Musti-Yuddha
- Focus: Striking, Hybrid
- Hardness: Full-contact
- Country of origin: india
- Descendant arts: Muaythai, Kickboxing, Muay Boran, Lethwei, Bando, Kun khmer, Bokator, Viet vo dao, Thaing, Tomoi, Silat, Muay Lao, Muay lai lao, Pencak silat, Panantukan, Sikaran, Yaw-Yan,
- Olympic sport: No
- Meaning: Fist combat, Fist fighting

= Musti-yuddha =

Traditional combat sport originating from the Indian subcontinent

Musti-Yuddha (Sanskrit: मुष्टि युद्ध) is a traditional combat sport originating from the Indian subcontinent. The term literally means "fist combat", from the Sanskrit words muṣṭi (fist) and yuddha (fight, battle, conflict). While this would originally have been used as a general term for any boxing art, today it usually refers to muki boxing from Varanasi, the only surviving unarmed style. In the Punjab there still exists an armed form of boxing called loh-musti in which the fighters wear a kara on one hand, although it is no longer used for sparring.

Aspiring fighters undergo years of apprenticeship, toughening their fists against stone and other hard surfaces, until they are able to break coconuts and rocks with their bare hands. Any part of the body may be targeted, except the groin, but the prime targets are the head and chest. Techniques incorporate a variety of punches, kicks and grabs. Boxers wear no form of protection and fight bare-fisted. Matches may be one-on-one, one against a group, or group against group. Victory can be attained by knockout, ringout or submission.

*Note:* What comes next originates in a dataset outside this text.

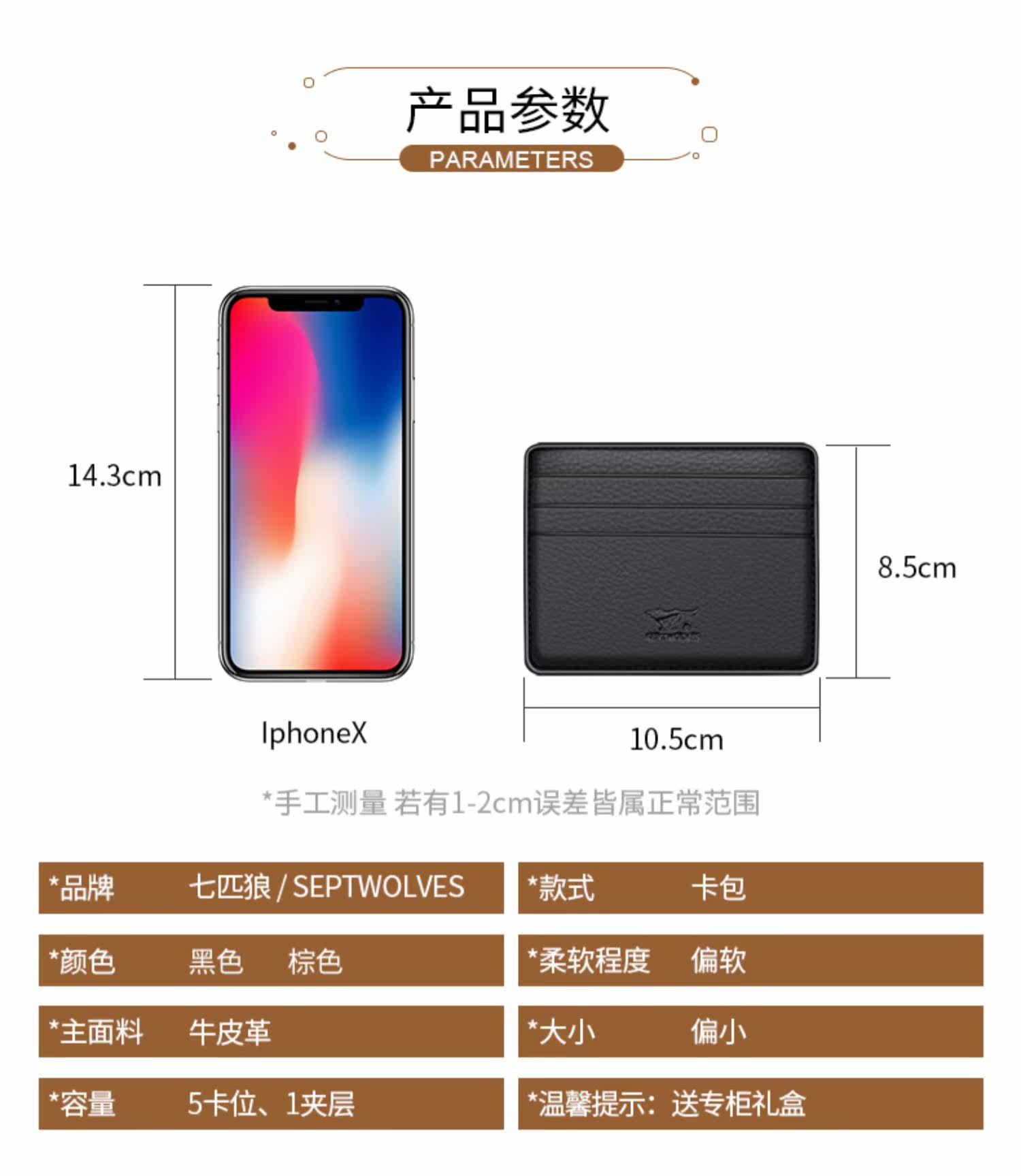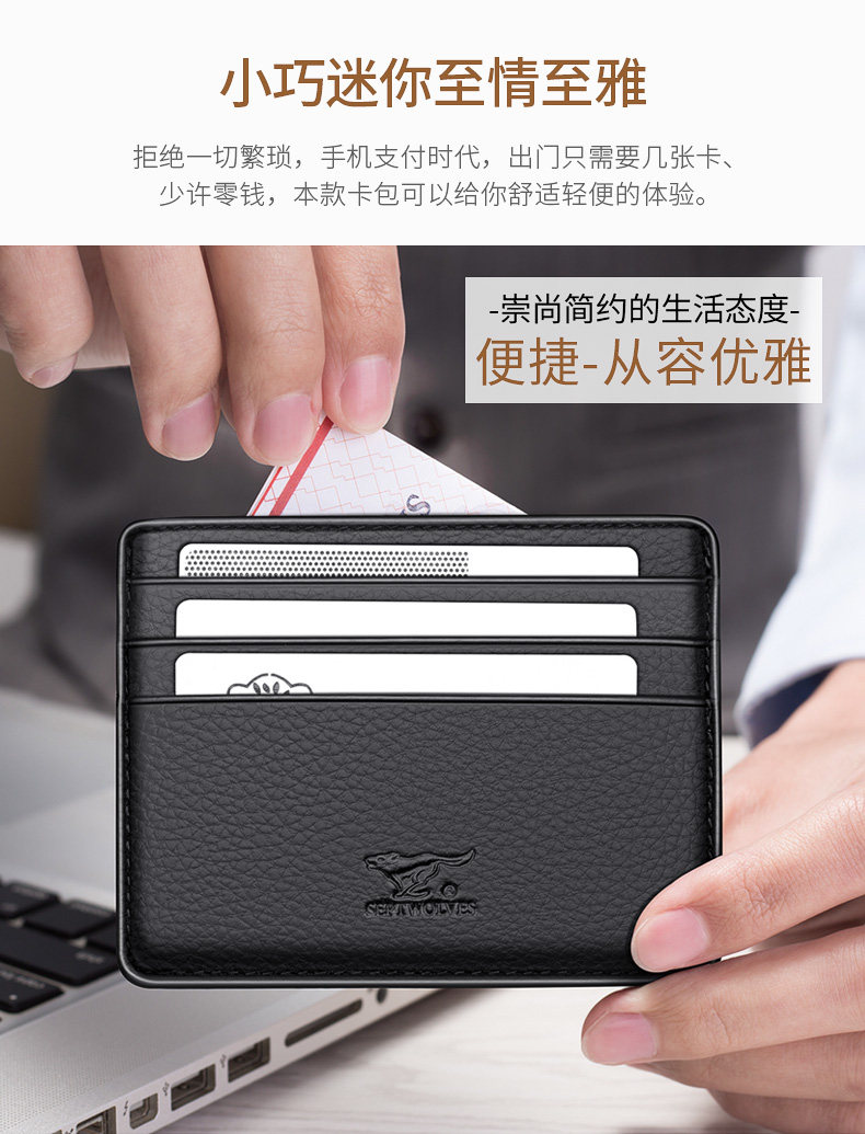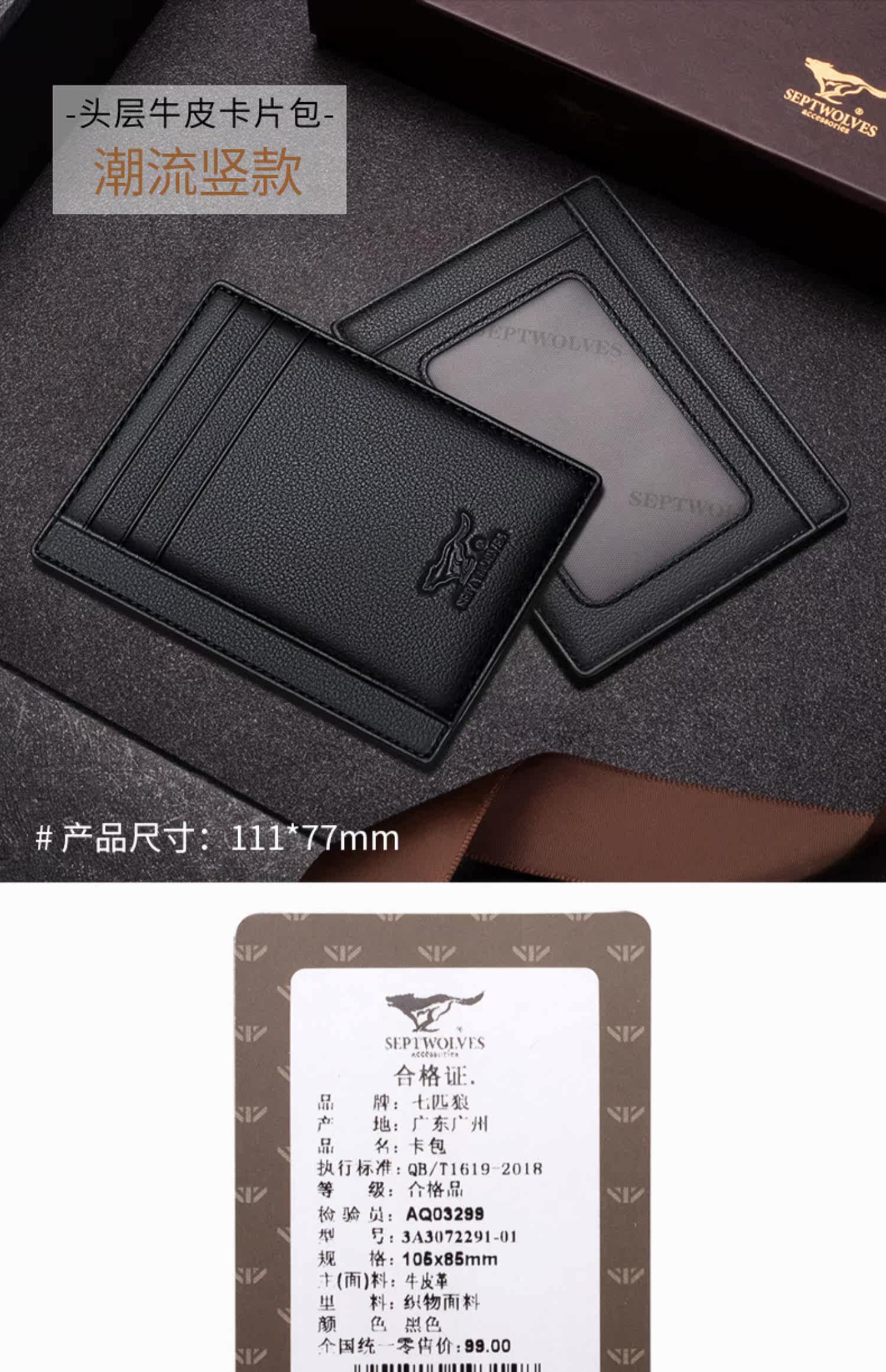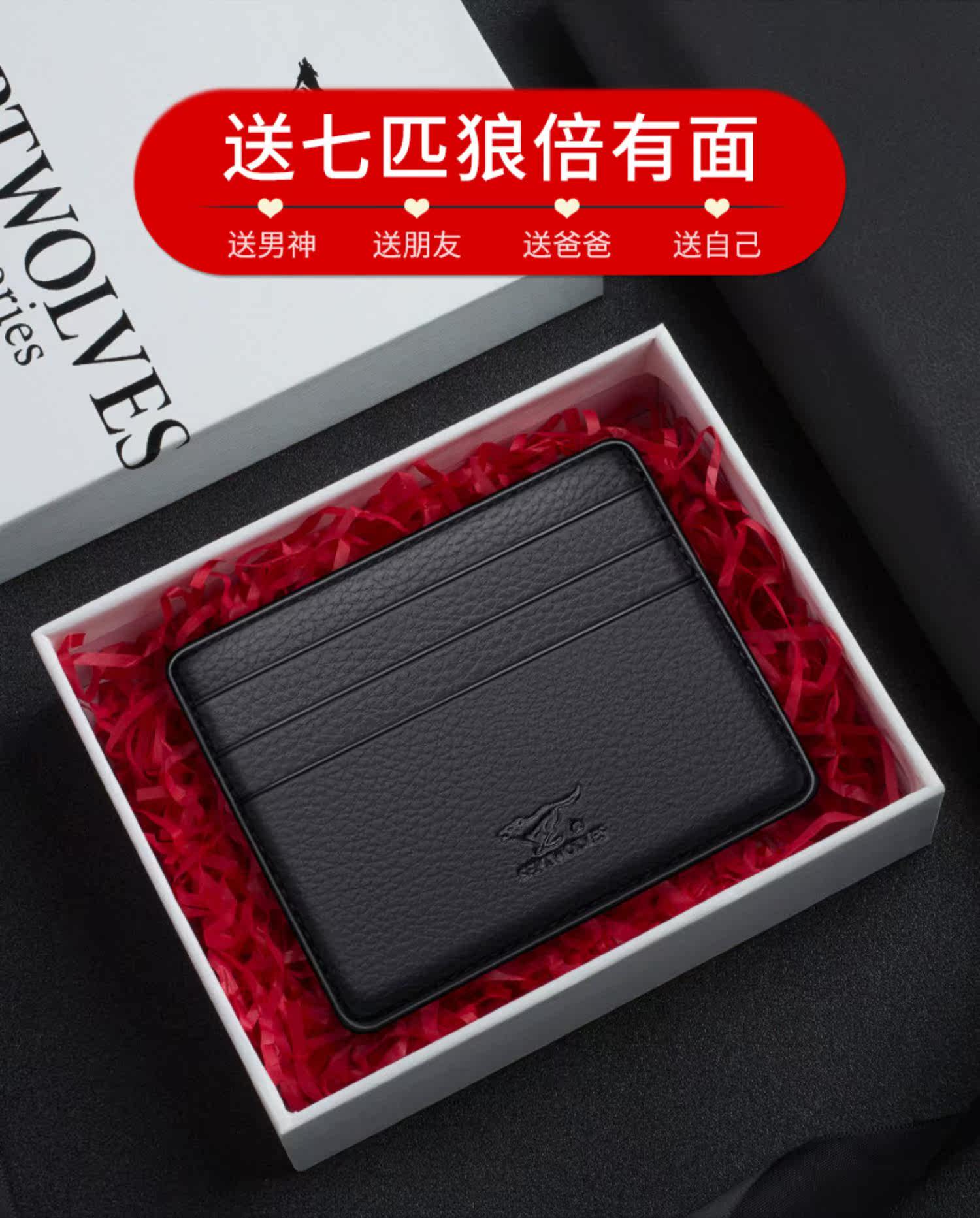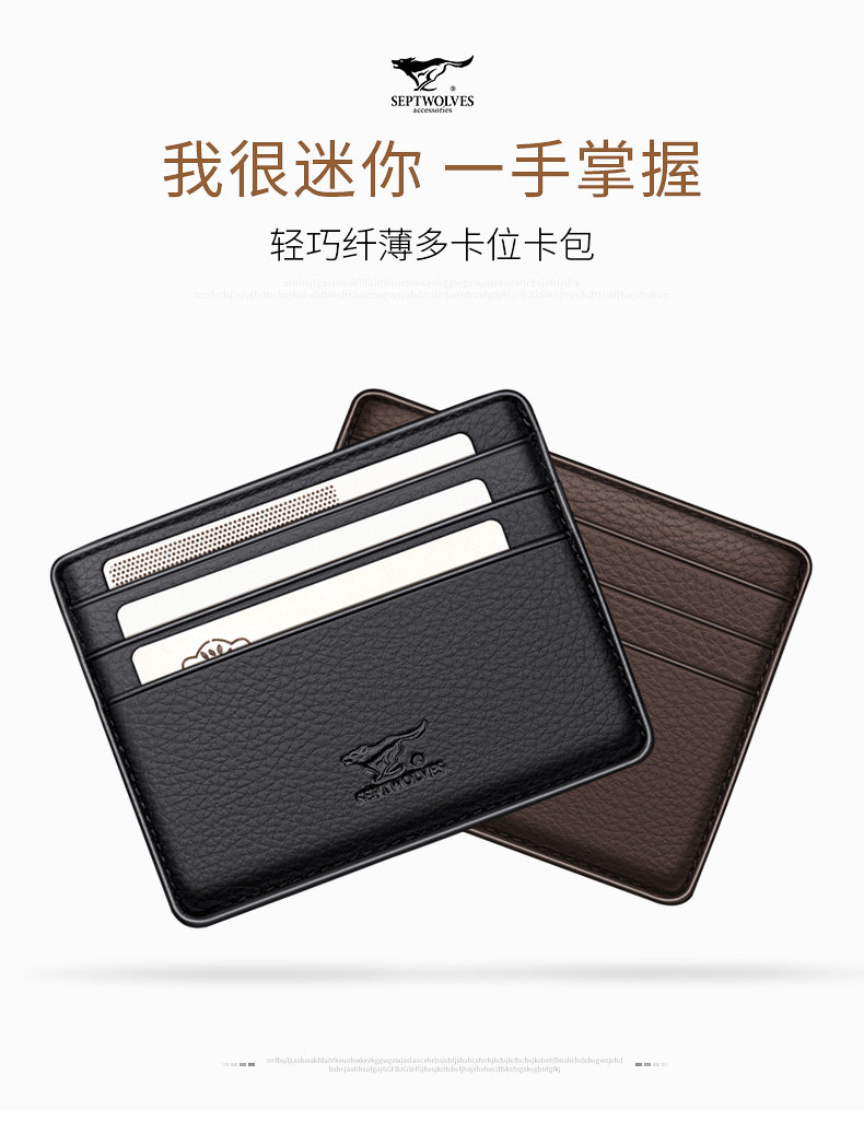 Septwolves, мужской маленький картхолдер, бумажник, карточки, из натуральной кожи

The martial art is related to other forms of martial arts found in other parts of the Indian cultural sphere including Muay Thai in Thailand, Muay Lao in Laos, Pradal Serey in Cambodia and Lethwei in Myanmar.

==History==
Various types of boxing existed in ancient India. The earliest references to musti-yuddha come from classical Vedic epics such as the Ramayana and Rig Veda. The Mahabharata describes two combatants boxing with clenched fists and fighting with kicks, finger strikes, knee strikes and headbutts. Duels (niyuddham) were often fought to the death. During the period of the Western Satraps, the ruler Rudradaman - in addition to being well-versed in "the great sciences" which included Indian classical music, Sanskrit grammar, and logic - was said to be an excellent horseman, charioteer, elephant rider, swordsman and boxer. The Gurbilas Shemi, an 18th-century Sikh text, gives numerous references to musti-yuddha.

The French General Allard commented on the boxing practiced by the early 19th-century Lahore army that "Duelling is not known in the army of Ranjit Singh. The soldiers settle their disputes with their fists; a brutal, and equally un-Christian, method of adjusting differences." The particular form of boxing he referred to was loh-musti, practiced primarily in the northwest.

The British colonial introduction of western boxing in the 1890s caused a decline in native musti-yuddha, until only muki boxing survived in Varanasi. A city considered holy to Hindus, Varanasi has a tradition of annual boxing festivals dating back more than 300 years. Injuries were frequent and often severe. The most famous post-independence fighters include Narayanguru Balambhat Deodhar and Lakshmanguru Balambhat Deodhar, both of whom were said to have been able to defeat 12 men at once. Musti-yuddha has become increasingly rare over time and by the 1960s was already being pushed further underground. Illegal matches are still held in Kolkata today and are frequented by gamblers.